The Vatican’s permanent observer to the United Nations, Archbishop Ivan Jurkovič, has described the report as an “attack on freedom of religion or belief as well as freedom of conscience” and a “sort of ideological colonization.”

“Particularly unacceptable and offensive are the numerous references that recommend that freedom of religion or belief and conscientious objection must be surrendered for the promotion of other so-called ‘human rights,’ which certainly do not enjoy consensus, thus being a sort of ‘ideological colonization’ on the part of some States and international institutions,” the archbishop declared.

Jurkovič said the Vatican defines “gender” and related terms “according to the ordinary, generally accepted usage of the word ‘gender,’ based on the biological identity that is male and female.” However, Jurkovič did not directly address the report’s assertion that international law may recognize the right of individuals to “take part on an equal basis” in the process of defining religious communities.

“My delegation cannot but lament that the report seems to focus less on the protection of men and women, of any faith or personal belief, that are persecuted or discriminated against — a still too vivid reality for millions of persons worldwide — and more on pushing a vision of human society that is not shared by all and does not reflect the social, cultural and religious reality of many peoples,” he said.

Jurkovič said Pope Francis and others in the Vatican have noted the “growing influence within the international organizations of powers and interest groups that impose their own visions and ideas, sparking new forms of ideological colonization, often in disregard for the identity, dignity and sensitivities of peoples.”

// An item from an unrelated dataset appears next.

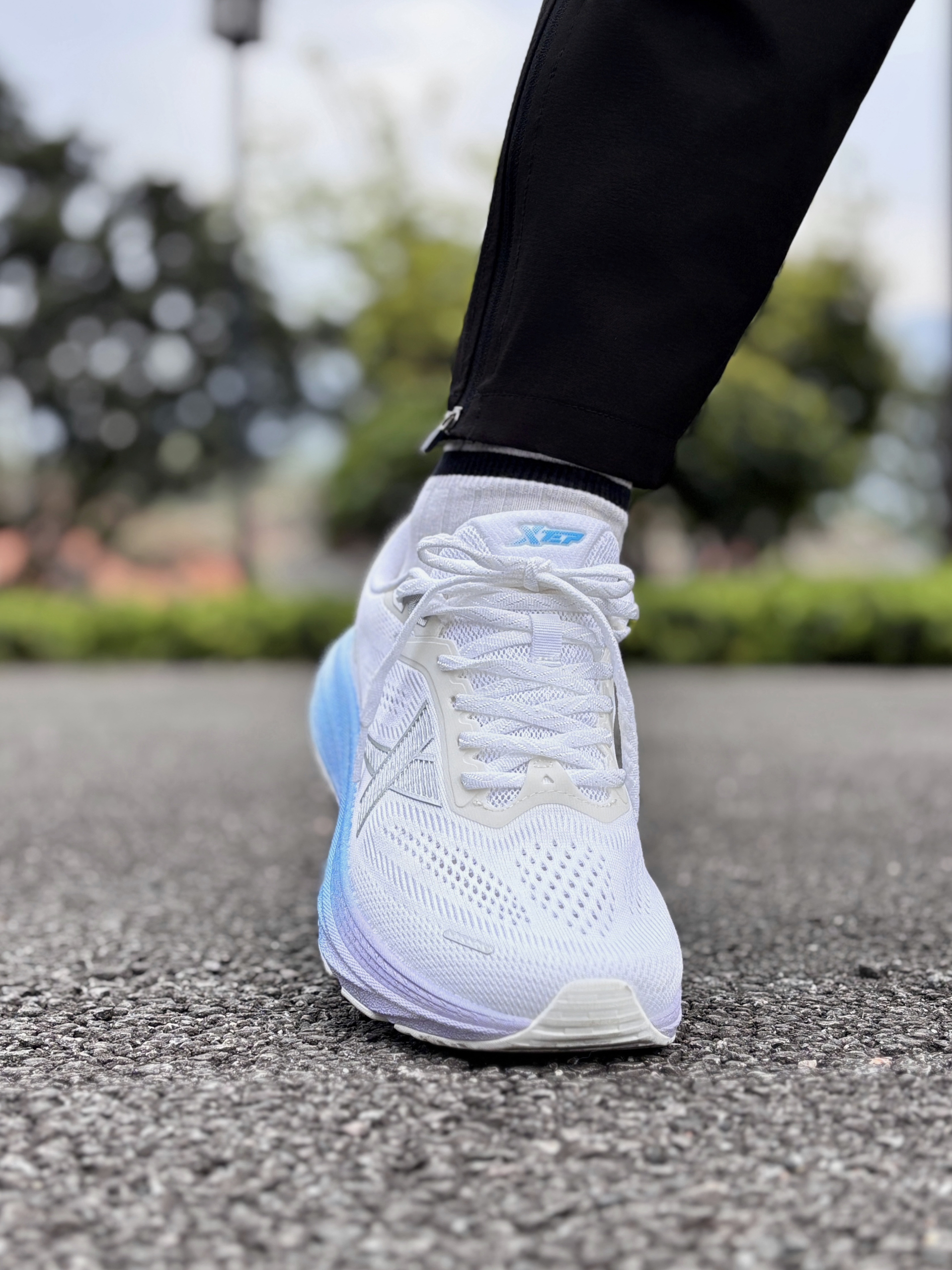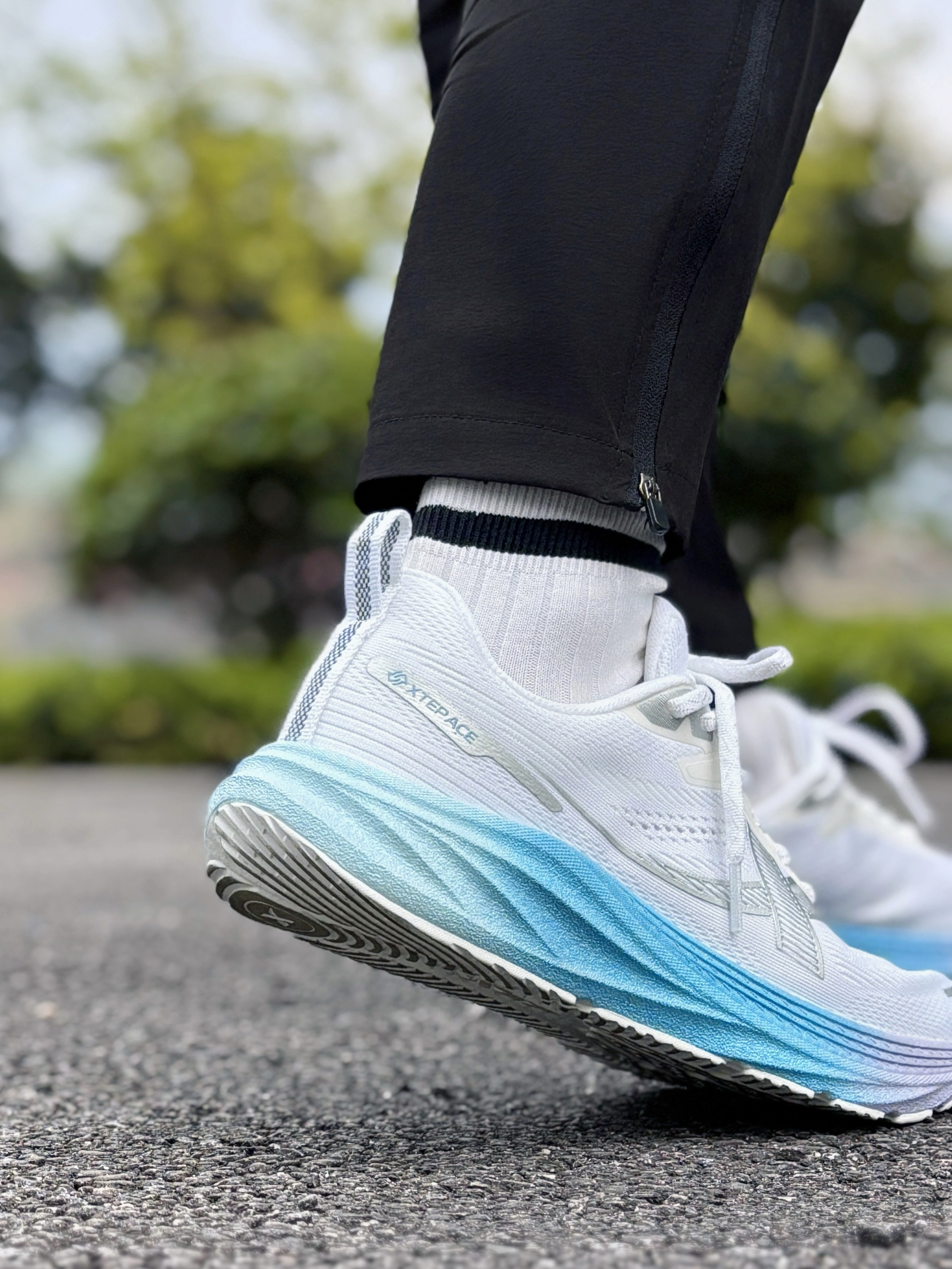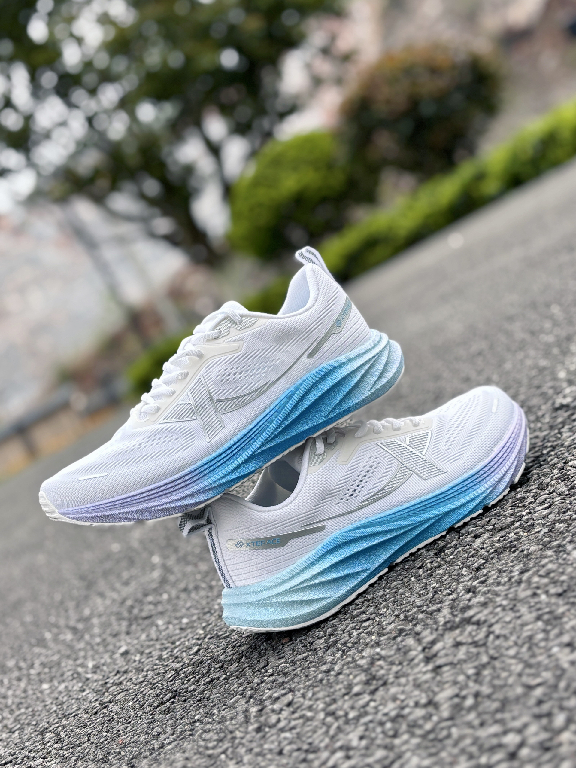 💁♂:Hi~ 这里是大大纳mi~ 特步薄底香菜跑鞋🍃听名字就很有记忆点呀!白色鞋身融入蓝色渐变中底,清爽干净!比较适配这个夏天呐! ✨上脚第一感觉是轻弹!全掌XTEP ACE材料回弹感确实能打。前后5mm坡差设计对新手特别友好(试过高坡差真的会脚酸),体测前突击训练更好打基础💦 👣宽楦设计我这种小胖脚穿很舒服,日常慢跑/折返跑没有出现过顶脚趾的情况~ ♦体验下来薄底设计适合竞训以及短跑/跳远等...

“It is rather unfortunate, yet increasingly less surprising given its frequency, that a U.N. report, which should defend the fundamental and universal human right of freedom of religion or belief as well as the right to conscientious objection, is now attacking the very reality it is called to defend,” he said.

In an article re-published last week by LifeSite, C-Fam’s Rebecca Oas explains that while such reports are advisory and nonbinding, nevertheless, “they feed into the UN’s library of human rights documents that frequently cite each other in defending interpretations of human rights that are far from gaining widespread support among UN Member States.”